ElementNodes contain TextNodes

  • ElementNodes represent an HTML element.
  • TextNodes store the value of an HTML element (nested under ElementNodes).
import "golang.org/x/net/html"
import "golang.org/x/net/html/atom"

headerVal := html.Node{
    Type: html.TextNode,
    Data: "My Page",
}

header := html.Node{
    Type: html.ElementNode,
    DataAtom: atom.H1,
    Data: "h1",
    FirstChild: &headerVal,
    LastChild: &headerVal,
}

Means the same as

<h1>My Page</h1>

Parsing/Rendering

Basics

import "golang.org/x/net/html"

raw := `
    <html>
      <head>
        <title>foo</title>
      </head>
      <body>
        <h1>Foo</h1>
        <p>hello world</p>
      </body>
    </html>`

// parse html
node, _ := html.Parse(strings.NewReader(raw))

// render html
var render strings.Builder
html.Render(&render, node)
render.String()              // '<html><head>...'

Modifying Parsed HTML

The Node datastructure uses value objects,
you can mutate nodes,
if adding to children make sure to AppendChild() so it gets added to the array the slice points to.

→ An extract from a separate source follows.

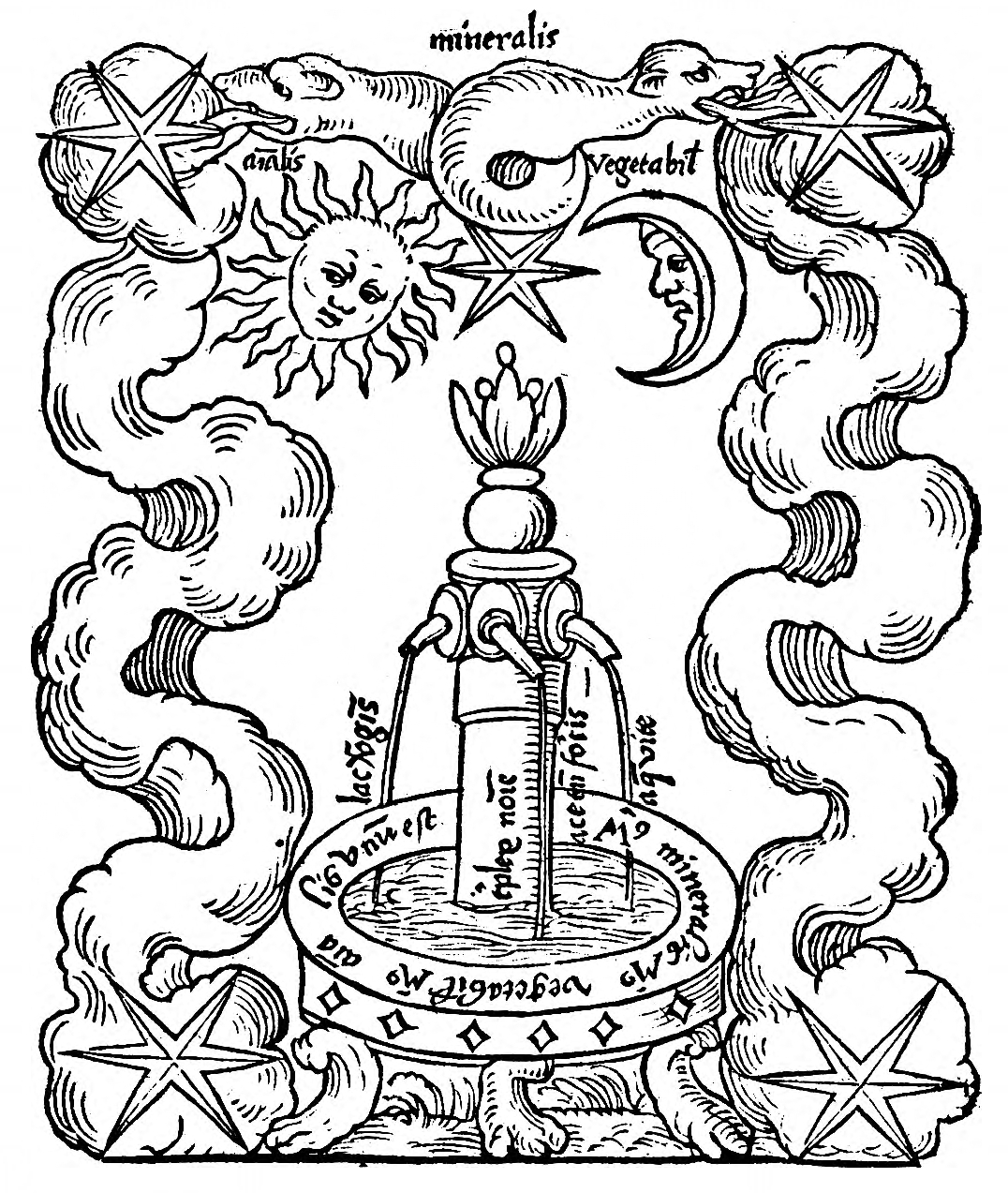 Figure 1. Surrounding top of frame: mineralis / a[n]i[m]alis / vegetabil[is] (“mineral / animal / vegetable”). Along streams of liquid, left to right: lac v[ir]gi[ni]s / / acetu[m] fo[n]tis / aq[ua] vit[a]e (“virgin’s milk / vinegar of the spring / water of life”). On the fountain: t[ri]plex no[m]i[n]e (“threefold by name”). Clockwise along the rim: M[ercurius] mineralis M[ercurius] vegetabil[is] M[ercurius] a[n]i[m]a[lis] sic unu[m] est (“mineral Mercury, vegetable Mercury, and animal Mercury are one in this way.”)

  • atom has constants representing every type of HTML element.
  • Nodes keep information about their first/last child
  • Nodes keep information about their siblings (neighbors under same parent)

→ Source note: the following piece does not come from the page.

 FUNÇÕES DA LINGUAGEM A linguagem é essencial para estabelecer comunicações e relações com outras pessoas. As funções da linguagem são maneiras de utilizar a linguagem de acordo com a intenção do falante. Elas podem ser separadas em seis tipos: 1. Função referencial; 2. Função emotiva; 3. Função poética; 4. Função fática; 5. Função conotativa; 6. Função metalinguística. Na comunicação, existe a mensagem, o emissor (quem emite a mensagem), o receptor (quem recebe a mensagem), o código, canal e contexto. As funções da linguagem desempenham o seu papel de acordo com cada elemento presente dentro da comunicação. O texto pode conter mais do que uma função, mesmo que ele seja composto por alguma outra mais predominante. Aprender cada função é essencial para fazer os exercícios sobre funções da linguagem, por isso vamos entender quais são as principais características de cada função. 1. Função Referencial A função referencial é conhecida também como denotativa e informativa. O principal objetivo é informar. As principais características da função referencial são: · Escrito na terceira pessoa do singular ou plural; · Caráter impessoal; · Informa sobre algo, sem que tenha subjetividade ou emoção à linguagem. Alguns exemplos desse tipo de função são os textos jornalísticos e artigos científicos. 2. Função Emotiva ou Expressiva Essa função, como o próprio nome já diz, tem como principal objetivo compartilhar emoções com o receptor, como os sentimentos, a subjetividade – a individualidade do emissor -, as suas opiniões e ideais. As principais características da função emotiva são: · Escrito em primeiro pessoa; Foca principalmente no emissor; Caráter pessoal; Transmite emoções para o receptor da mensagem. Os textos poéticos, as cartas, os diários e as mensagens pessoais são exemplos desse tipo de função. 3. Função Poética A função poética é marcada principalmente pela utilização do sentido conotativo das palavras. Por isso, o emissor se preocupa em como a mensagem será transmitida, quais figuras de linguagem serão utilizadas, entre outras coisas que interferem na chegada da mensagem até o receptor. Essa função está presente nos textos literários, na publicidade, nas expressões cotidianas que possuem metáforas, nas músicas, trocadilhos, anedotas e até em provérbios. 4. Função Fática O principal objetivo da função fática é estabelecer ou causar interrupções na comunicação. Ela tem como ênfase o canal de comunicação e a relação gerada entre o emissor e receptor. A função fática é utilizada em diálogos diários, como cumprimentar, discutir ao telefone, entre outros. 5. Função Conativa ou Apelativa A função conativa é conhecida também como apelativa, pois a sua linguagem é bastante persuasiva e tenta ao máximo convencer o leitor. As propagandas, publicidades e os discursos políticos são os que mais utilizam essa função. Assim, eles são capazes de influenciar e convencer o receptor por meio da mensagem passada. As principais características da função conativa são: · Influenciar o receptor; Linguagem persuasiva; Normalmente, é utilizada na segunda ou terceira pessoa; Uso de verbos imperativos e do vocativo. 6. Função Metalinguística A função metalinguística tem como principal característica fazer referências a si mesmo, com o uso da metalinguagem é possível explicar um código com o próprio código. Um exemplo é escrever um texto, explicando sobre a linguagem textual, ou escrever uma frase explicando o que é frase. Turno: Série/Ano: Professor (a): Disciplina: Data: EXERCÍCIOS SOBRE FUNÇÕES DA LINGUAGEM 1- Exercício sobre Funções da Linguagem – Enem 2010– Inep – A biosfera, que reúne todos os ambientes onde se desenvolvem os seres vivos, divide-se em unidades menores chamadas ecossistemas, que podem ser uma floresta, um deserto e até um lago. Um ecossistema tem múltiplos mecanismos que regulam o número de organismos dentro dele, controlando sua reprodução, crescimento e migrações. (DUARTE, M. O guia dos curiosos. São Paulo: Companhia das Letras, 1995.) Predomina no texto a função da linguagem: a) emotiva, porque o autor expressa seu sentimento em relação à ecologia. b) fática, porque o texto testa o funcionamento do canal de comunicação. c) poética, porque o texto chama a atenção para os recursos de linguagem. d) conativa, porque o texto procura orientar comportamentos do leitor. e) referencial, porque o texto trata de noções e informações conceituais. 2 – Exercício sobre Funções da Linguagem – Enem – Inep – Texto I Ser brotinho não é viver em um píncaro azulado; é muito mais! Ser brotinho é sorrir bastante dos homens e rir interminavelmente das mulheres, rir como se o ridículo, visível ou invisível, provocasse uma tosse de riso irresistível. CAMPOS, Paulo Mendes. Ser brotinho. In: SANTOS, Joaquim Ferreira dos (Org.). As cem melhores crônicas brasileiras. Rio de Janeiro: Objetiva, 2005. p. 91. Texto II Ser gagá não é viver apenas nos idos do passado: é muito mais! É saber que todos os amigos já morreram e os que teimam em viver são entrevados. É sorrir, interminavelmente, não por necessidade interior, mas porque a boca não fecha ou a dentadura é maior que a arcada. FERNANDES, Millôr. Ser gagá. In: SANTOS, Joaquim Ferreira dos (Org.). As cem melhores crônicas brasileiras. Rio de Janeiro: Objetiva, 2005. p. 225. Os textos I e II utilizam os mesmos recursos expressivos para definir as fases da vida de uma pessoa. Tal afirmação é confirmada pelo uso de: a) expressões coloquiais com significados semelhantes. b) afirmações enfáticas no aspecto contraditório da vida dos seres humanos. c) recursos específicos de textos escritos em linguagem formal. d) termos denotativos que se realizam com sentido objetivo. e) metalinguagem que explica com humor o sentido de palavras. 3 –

To iterate through children, start at the node's first-child, and loop through it's siblings.
Here's a reusable setup:

// lower-cases all 'href' links in a '<a href="Foo/Bar">'
func adjustAnchorNode(node *html.Node) (*html.Node, error) {
    // modify this node (if appropriate)
    err := this.adjustAnchorNode(node)
    if err := nil {
        return nil, err
    }

    // recurse through and modify children
    for child := node.FirstChild; child != nil; child = child.NextSibling {
        this.adjust(child, page)
    }
}


Here's a sample method that mutates a node

func (this *HTML) adjustAnchorNode(node *html.Node) error {
    if node.Type != html.ElementNode {
        return nil
    }
    if node.DataAtom != atom.A {
        return nil
    }
    var attrs []html.Attribute
    for _, attr := range node.Attr {
        if attr.Key != "href" {
            attrs = append(attrs, attr)
        } else {
            attrs = append(attrs, strings.ToLower(attr.Val))  // <-- modify attr
        }
    }
    node.Attr = attrs

    return nil
}